++++ Information shown

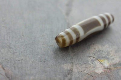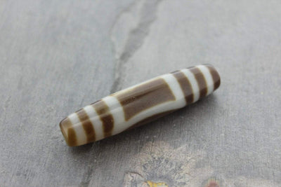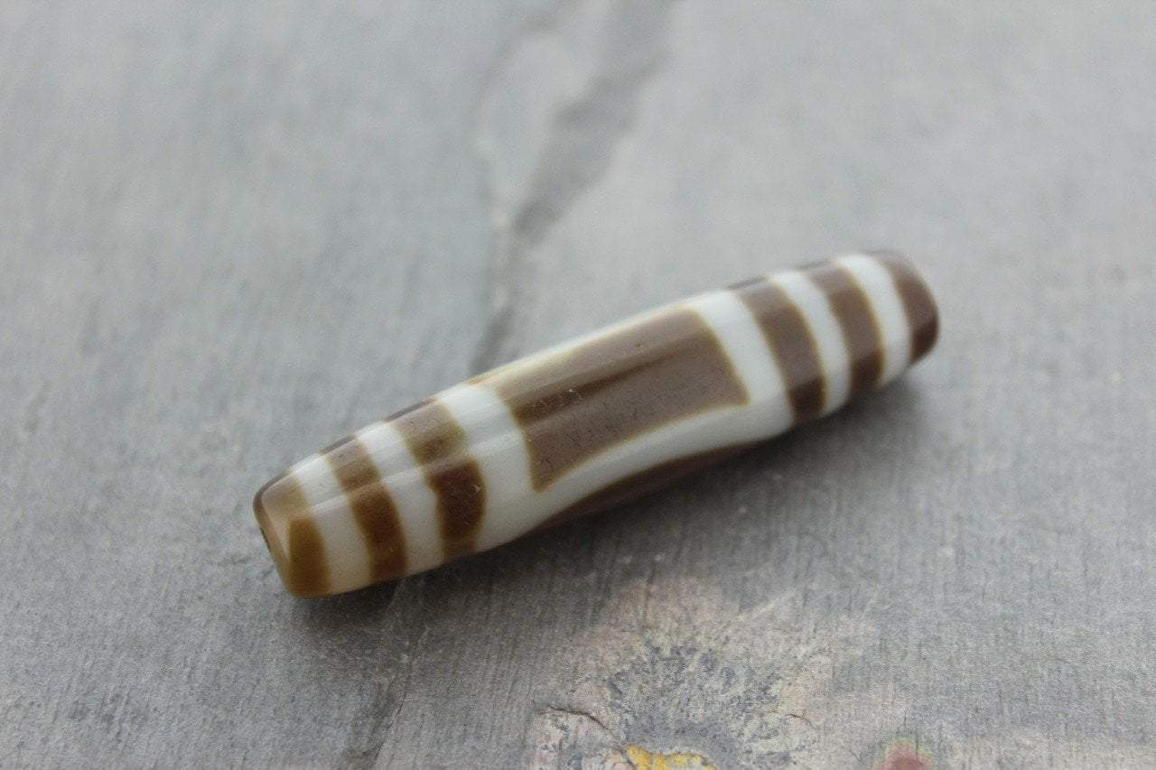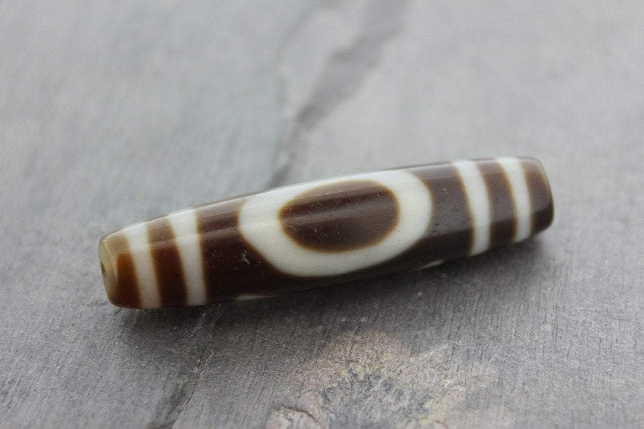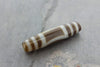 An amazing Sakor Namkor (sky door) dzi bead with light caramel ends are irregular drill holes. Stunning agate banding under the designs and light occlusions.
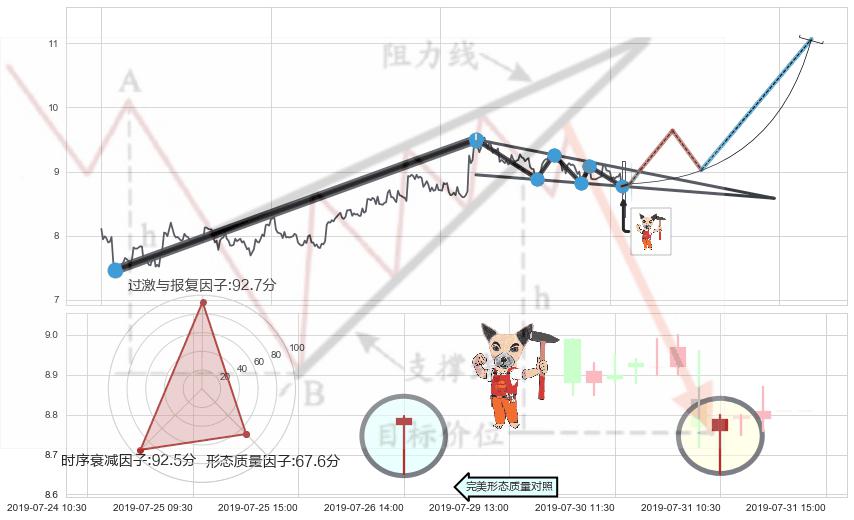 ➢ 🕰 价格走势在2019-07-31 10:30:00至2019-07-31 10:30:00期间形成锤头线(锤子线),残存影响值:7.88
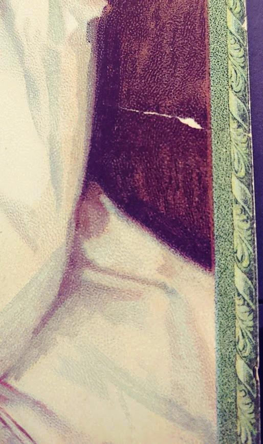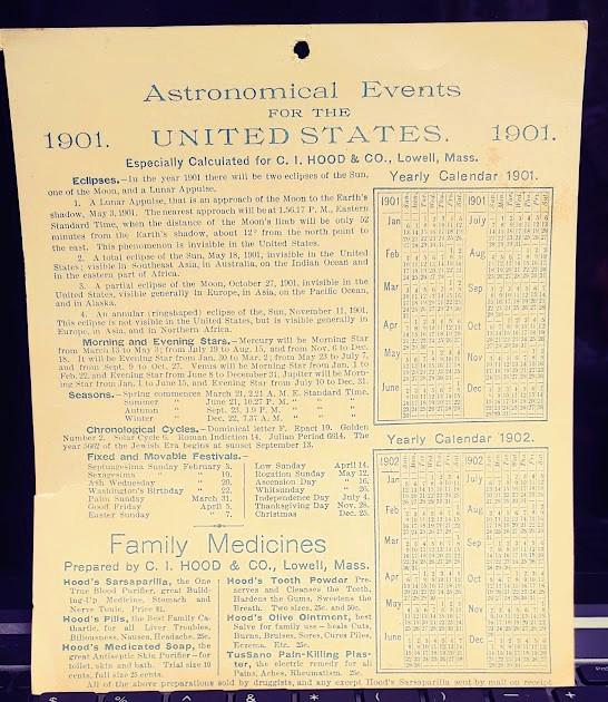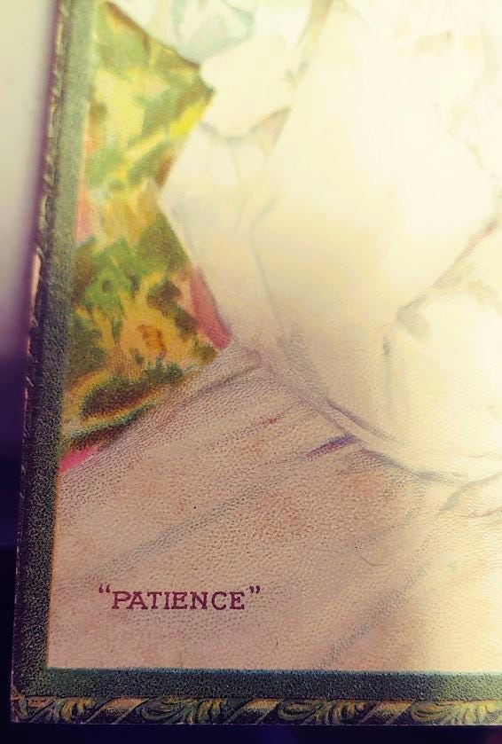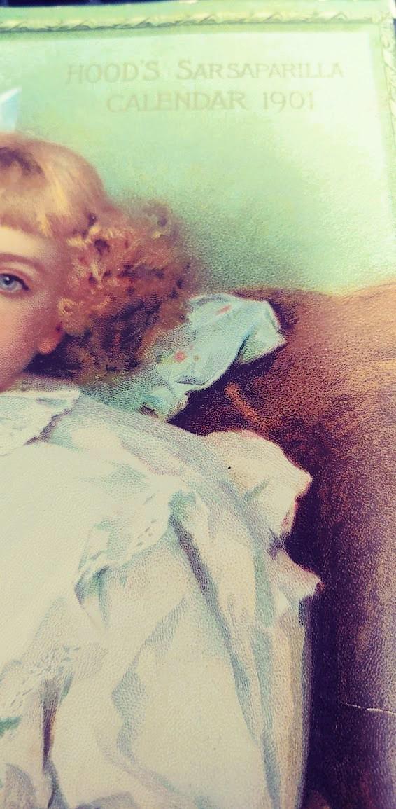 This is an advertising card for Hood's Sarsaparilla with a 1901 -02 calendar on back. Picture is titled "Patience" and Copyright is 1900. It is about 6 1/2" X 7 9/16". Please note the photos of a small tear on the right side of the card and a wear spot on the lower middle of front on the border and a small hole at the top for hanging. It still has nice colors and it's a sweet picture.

++++++++

Exercise details: Omit the pictures and give the material again, exactly and in full.

Completed exercise:
 An amazing Sakor Namkor (sky door) dzi bead with light caramel ends are irregular drill holes. Stunning agate banding under the designs and light occlusions.
 ➢ 🕰 价格走势在2019-07-31 10:30:00至2019-07-31 10:30:00期间形成锤头线(锤子线),残存影响值:7.88
 This is an advertising card for Hood's Sarsaparilla with a 1901 -02 calendar on back. Picture is titled "Patience" and Copyright is 1900. It is about 6 1/2" X 7 9/16". Please note the photos of a small tear on the right side of the card and a wear spot on the lower middle of front on the border and a small hole at the top for hanging. It still has nice colors and it's a sweet picture.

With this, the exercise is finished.